For every entry below, give it back exactly and leave out any image.
══════════════════════════════
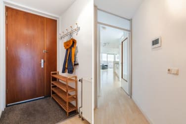 De woonkamer bevindt zich aan de achterzijde en biedt via de schuifpui toegang tot het balkon op het zuidoosten. Hier geniet je van veel lichtinval en een weids uitzicht over Utrecht.
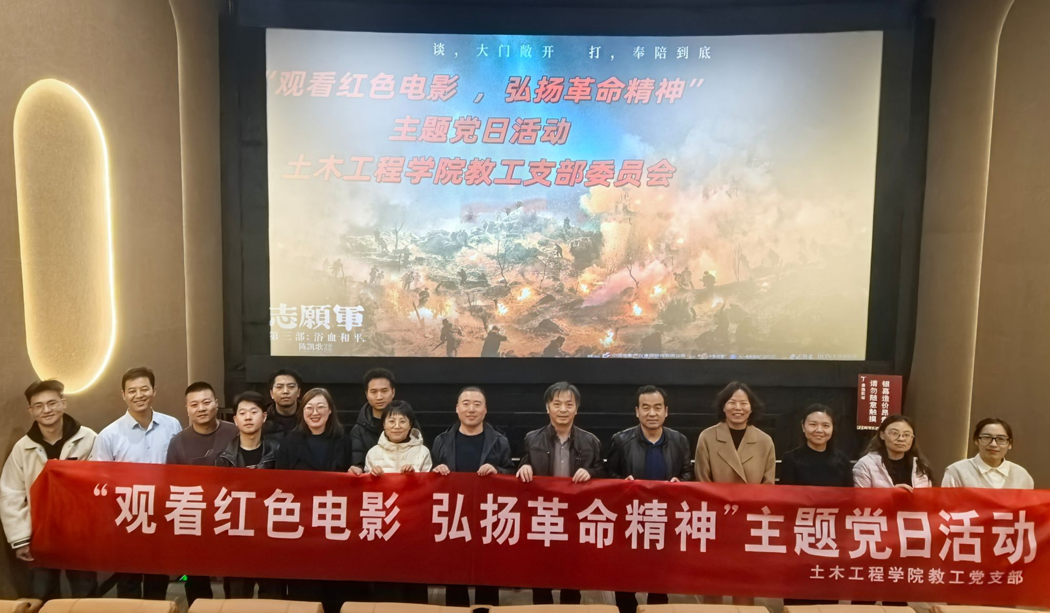 通过集中观看《志愿军·浴血和平》红色电影,以观影为桥传承红色基因,以经典为媒筑牢信仰之基,切实推动党史学习教育常态化、长效化。下一步,世界杯8833300足球教工党支部将持续丰富党建学习教育形式,以红色观影、主题分享、实地研学等多样化活动为载体,推动红色基因深度融入土木工程、水利工程等血脉。同时,将思想引领与岗位实践紧密结合,引导全体党员干部从历史中汲取智慧力量,在教育事业、科学研究中践行初心使命,以更加昂扬的奋斗姿态、更加务实的工作作风,立足岗位、担当作为,为世界杯8833300足球的高质量发展注入红色动能,为中国式现代化建设贡献力量。
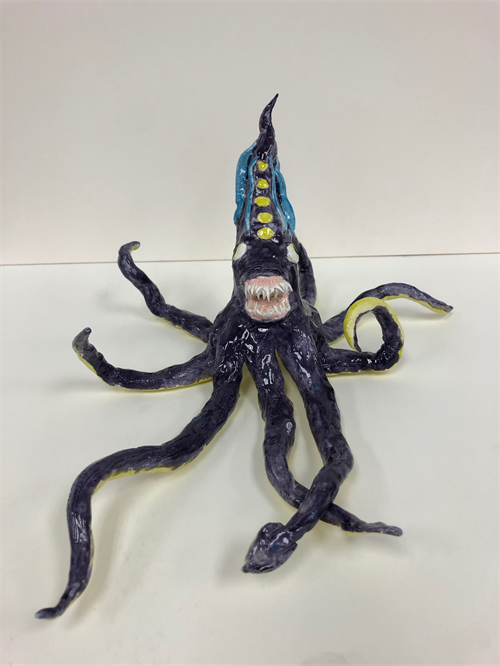 | Description: | Squid Monster, Low fire clay and glazes, hand-built |
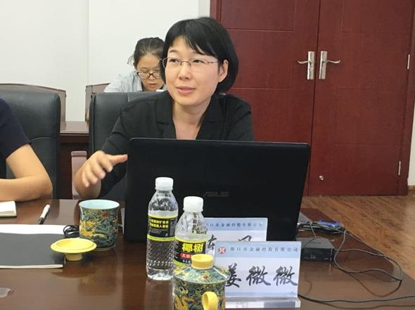 会上,海口担保公司副总经理陈风对公司基本情况、主要业务产品、内控管理、扶持政策等四个板块的内容作了详细的介绍,介绍过程中双方对一些细节问题进行了交流,如商票贷、顺位贷等业务创新、业务团队建设、业务评审机制、上级考核方式、海南省扶持政策等。
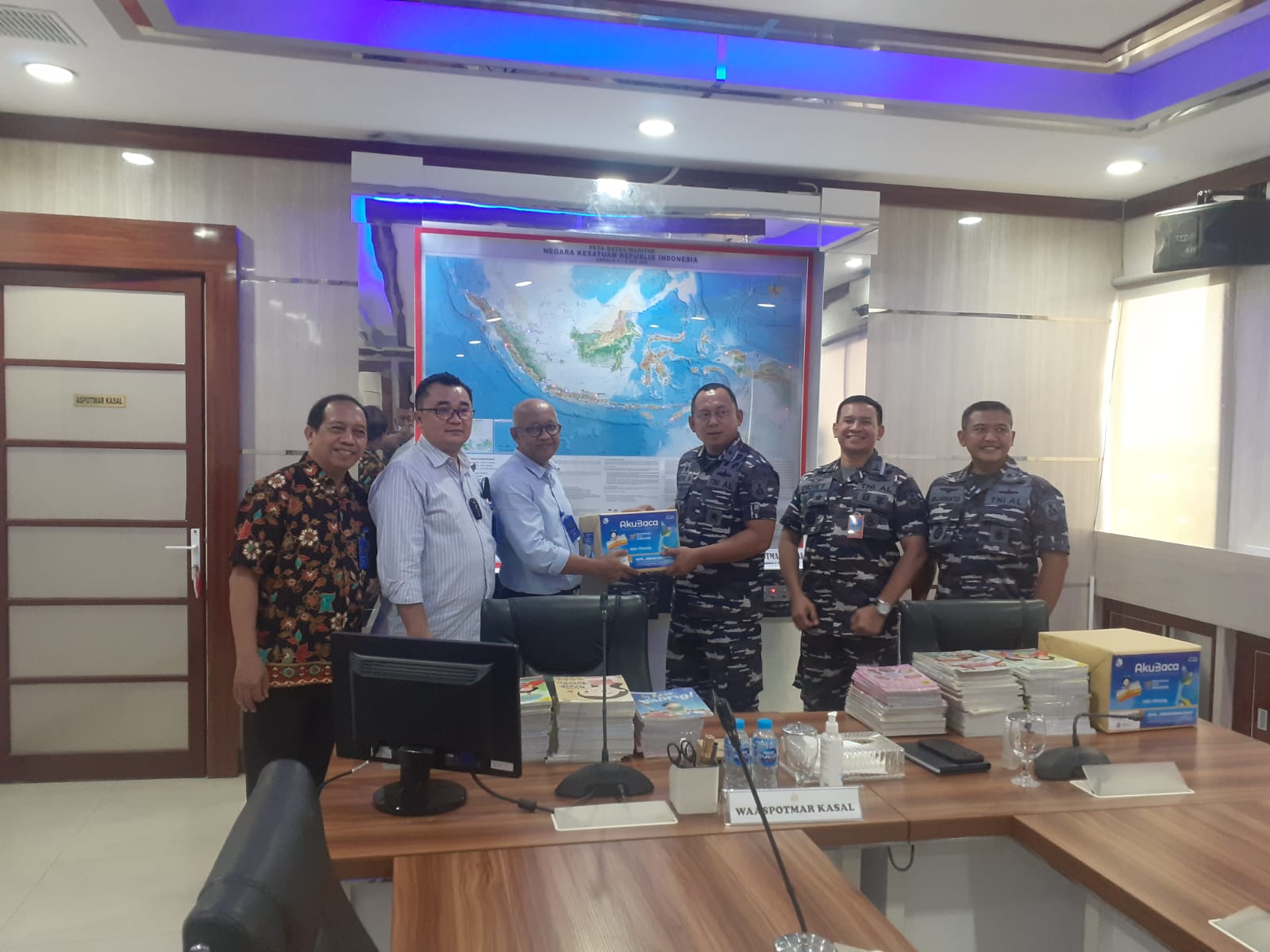 Jakarta, 16 Agustus 2022,– TNI Angkatan Laut menerima bantuan berupa buku-buku dari Gramedia untuk disalurkan kepada anak-anak yang berada di pulau-pulau terluar Indonesia. Serah terima dilaksanakan secara simbolis dari General Manager Cooporate Gramedia, Bapak Bambang Nuryanto kepada Asisten Potensi Maritim (Aspotmar) Kasal Mayjen TNI (Mar) Nur Alamsyah yang diwakili Waaspotmar Kasal Laksma TNI Rudhi Aviantara di Rupat Spotmaral, Mabesal Cilangkap Jakarta Timur. Senin (15/08)
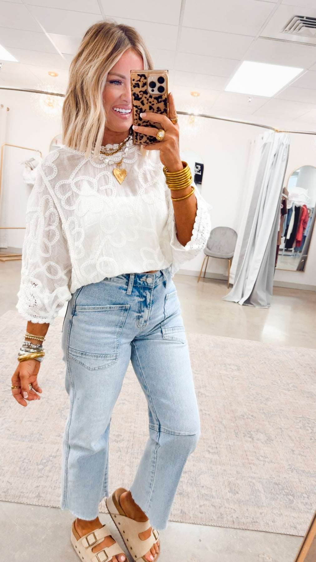 Delicate and dreamy, the Soft Whispers Blouse is the perfect blend of feminine charm and cozy texture. With its round neckline, crochet knit construction, and intricate floral embroidery, this piece is a true statement maker while remaining effortlessly wearable. Designed as a one-size-fits-all silhouette, it drapes beautifully on every body, making it an easy go-to for your wardrobe.
══════════════════════════════
**Answer to the exercise**
 De woonkamer bevindt zich aan de achterzijde en biedt via de schuifpui toegang tot het balkon op het zuidoosten. Hier geniet je van veel lichtinval en een weids uitzicht over Utrecht.
 通过集中观看《志愿军·浴血和平》红色电影,以观影为桥传承红色基因,以经典为媒筑牢信仰之基,切实推动党史学习教育常态化、长效化。下一步,世界杯8833300足球教工党支部将持续丰富党建学习教育形式,以红色观影、主题分享、实地研学等多样化活动为载体,推动红色基因深度融入土木工程、水利工程等血脉。同时,将思想引领与岗位实践紧密结合,引导全体党员干部从历史中汲取智慧力量,在教育事业、科学研究中践行初心使命,以更加昂扬的奋斗姿态、更加务实的工作作风,立足岗位、担当作为,为世界杯8833300足球的高质量发展注入红色动能,为中国式现代化建设贡献力量。
 | Description: | Squid Monster, Low fire clay and glazes, hand-built |
 会上,海口担保公司副总经理陈风对公司基本情况、主要业务产品、内控管理、扶持政策等四个板块的内容作了详细的介绍,介绍过程中双方对一些细节问题进行了交流,如商票贷、顺位贷等业务创新、业务团队建设、业务评审机制、上级考核方式、海南省扶持政策等。
 Jakarta, 16 Agustus 2022,– TNI Angkatan Laut menerima bantuan berupa buku-buku dari Gramedia untuk disalurkan kepada anak-anak yang berada di pulau-pulau terluar Indonesia. Serah terima dilaksanakan secara simbolis dari General Manager Cooporate Gramedia, Bapak Bambang Nuryanto kepada Asisten Potensi Maritim (Aspotmar) Kasal Mayjen TNI (Mar) Nur Alamsyah yang diwakili Waaspotmar Kasal Laksma TNI Rudhi Aviantara di Rupat Spotmaral, Mabesal Cilangkap Jakarta Timur. Senin (15/08)
 Delicate and dreamy, the Soft Whispers Blouse is the perfect blend of feminine charm and cozy texture. With its round neckline, crochet knit construction, and intricate floral embroidery, this piece is a true statement maker while remaining effortlessly wearable. Designed as a one-size-fits-all silhouette, it drapes beautifully on every body, making it an easy go-to for your wardrobe.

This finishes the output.